── EXERCISE MATERIALS ──

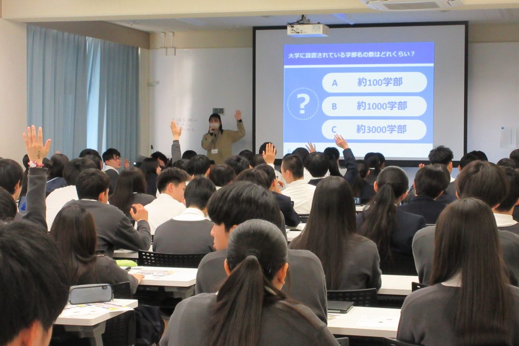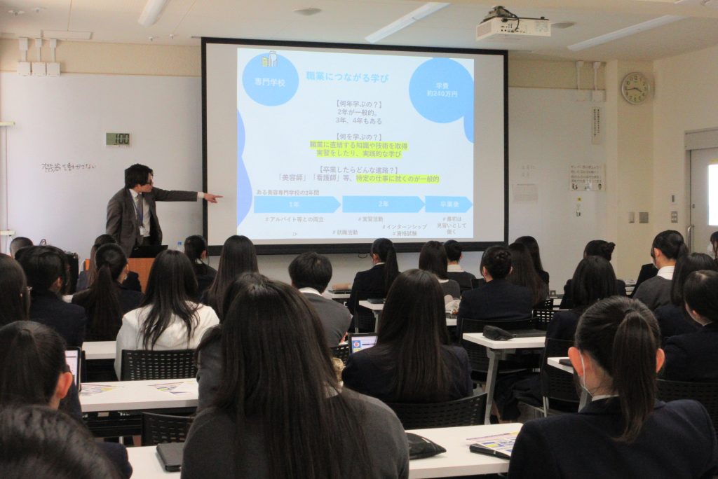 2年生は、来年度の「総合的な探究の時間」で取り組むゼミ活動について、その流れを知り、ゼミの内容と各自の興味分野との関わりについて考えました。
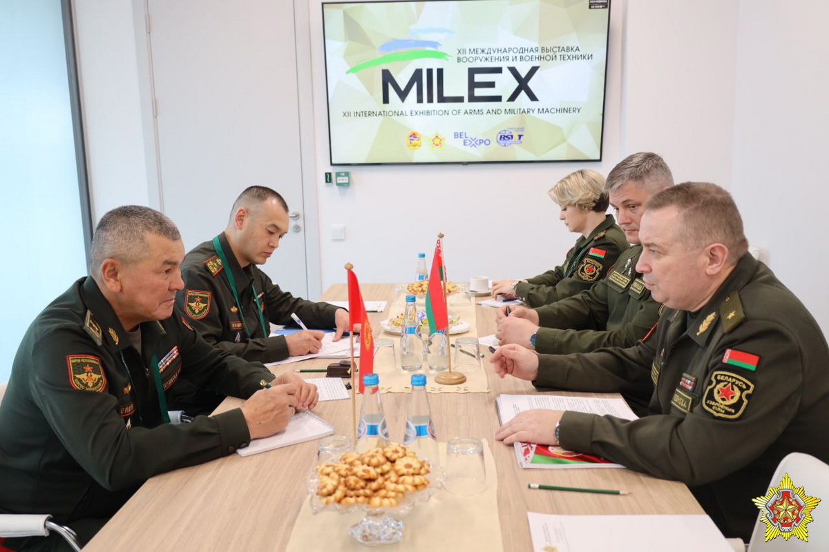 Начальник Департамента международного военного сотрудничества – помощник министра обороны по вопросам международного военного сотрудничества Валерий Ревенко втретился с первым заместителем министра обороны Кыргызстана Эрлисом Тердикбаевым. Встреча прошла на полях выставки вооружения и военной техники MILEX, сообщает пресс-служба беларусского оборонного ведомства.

───
── EXERCISE MATERIALS ──

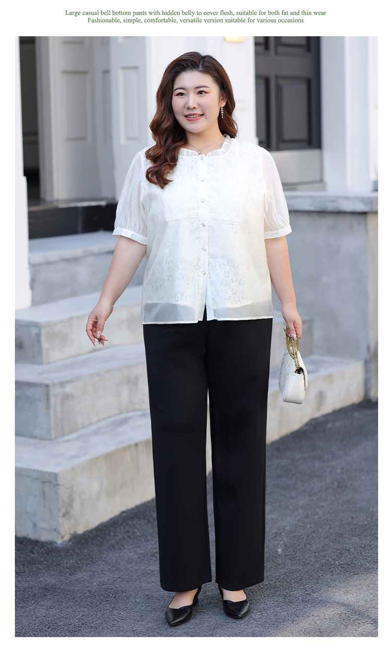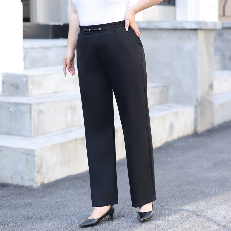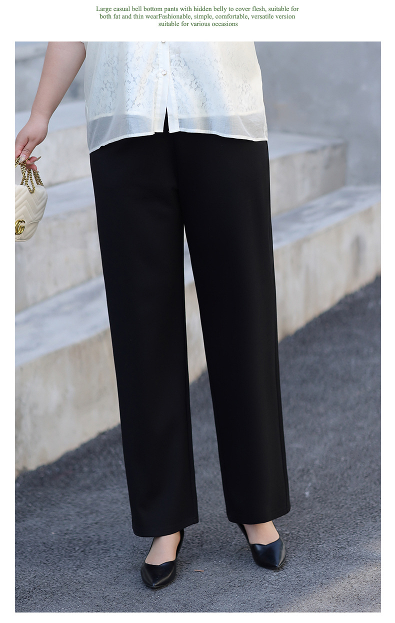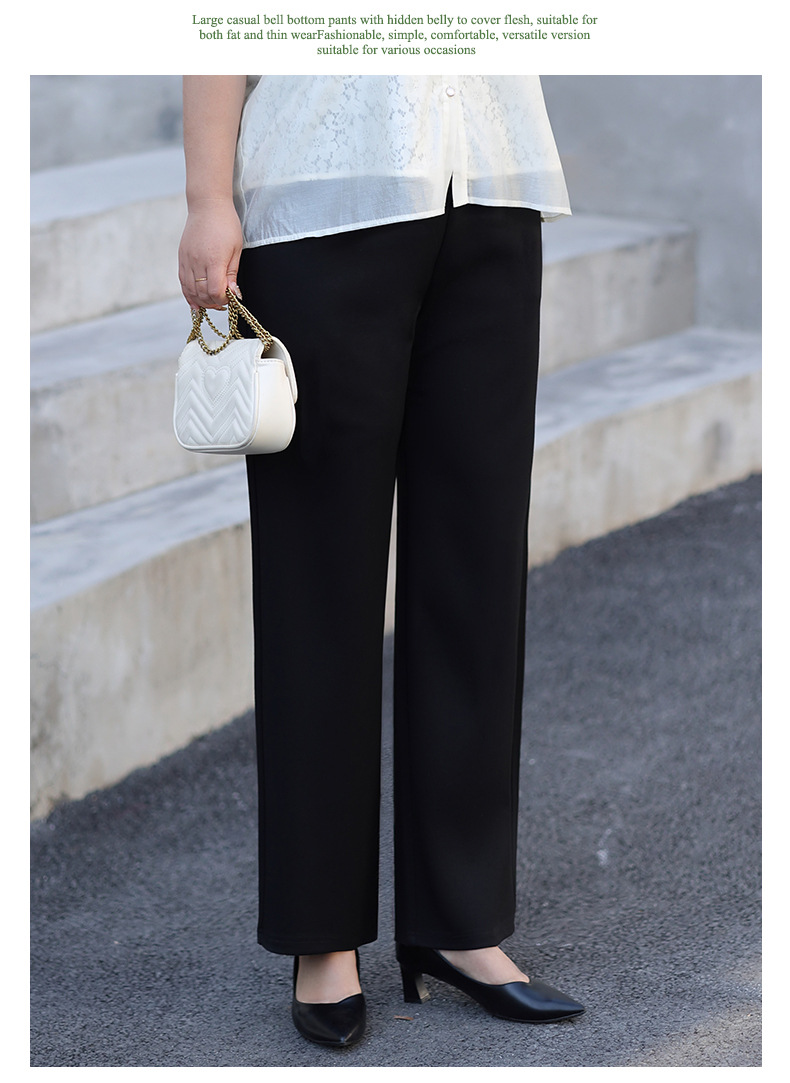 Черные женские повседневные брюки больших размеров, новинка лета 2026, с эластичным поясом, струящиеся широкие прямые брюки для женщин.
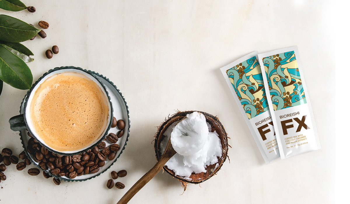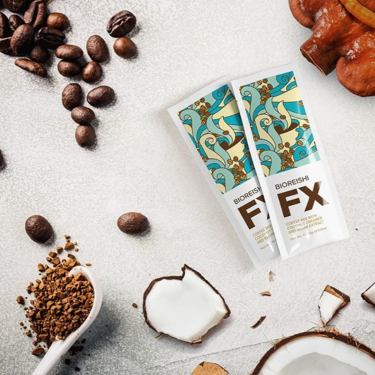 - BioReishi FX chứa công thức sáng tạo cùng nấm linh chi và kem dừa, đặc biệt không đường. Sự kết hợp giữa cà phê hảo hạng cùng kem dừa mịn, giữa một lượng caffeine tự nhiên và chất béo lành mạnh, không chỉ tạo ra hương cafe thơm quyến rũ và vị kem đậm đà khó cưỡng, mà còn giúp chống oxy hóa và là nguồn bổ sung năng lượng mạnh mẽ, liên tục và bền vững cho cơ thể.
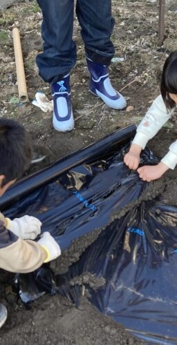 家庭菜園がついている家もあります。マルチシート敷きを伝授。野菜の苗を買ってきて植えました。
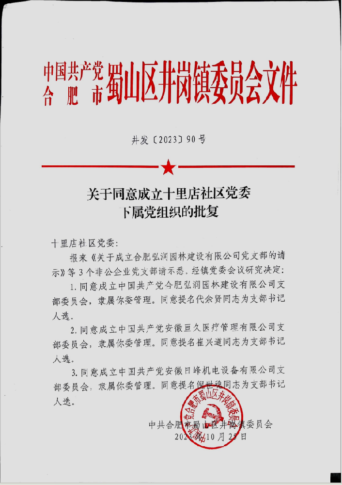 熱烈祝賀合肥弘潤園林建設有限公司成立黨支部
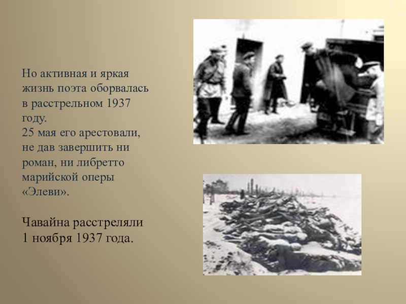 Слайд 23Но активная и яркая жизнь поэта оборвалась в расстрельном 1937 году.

───

## WORK ORDER
Repeat exactly the lines above, beginning at the one containing "Черные женские повседневные" and ending at the one containing "Слайд 23Но активная". Do not carry over any pictures.

## REPLY
 Черные женские повседневные брюки больших размеров, новинка лета 2026, с эластичным поясом, струящиеся широкие прямые брюки для женщин.
 - BioReishi FX chứa công thức sáng tạo cùng nấm linh chi và kem dừa, đặc biệt không đường. Sự kết hợp giữa cà phê hảo hạng cùng kem dừa mịn, giữa một lượng caffeine tự nhiên và chất béo lành mạnh, không chỉ tạo ra hương cafe thơm quyến rũ và vị kem đậm đà khó cưỡng, mà còn giúp chống oxy hóa và là nguồn bổ sung năng lượng mạnh mẽ, liên tục và bền vững cho cơ thể.
 家庭菜園がついている家もあります。マルチシート敷きを伝授。野菜の苗を買ってきて植えました。
 熱烈祝賀合肥弘潤園林建設有限公司成立黨支部
 Слайд 23Но активная и яркая жизнь поэта оборвалась в расстрельном 1937 году.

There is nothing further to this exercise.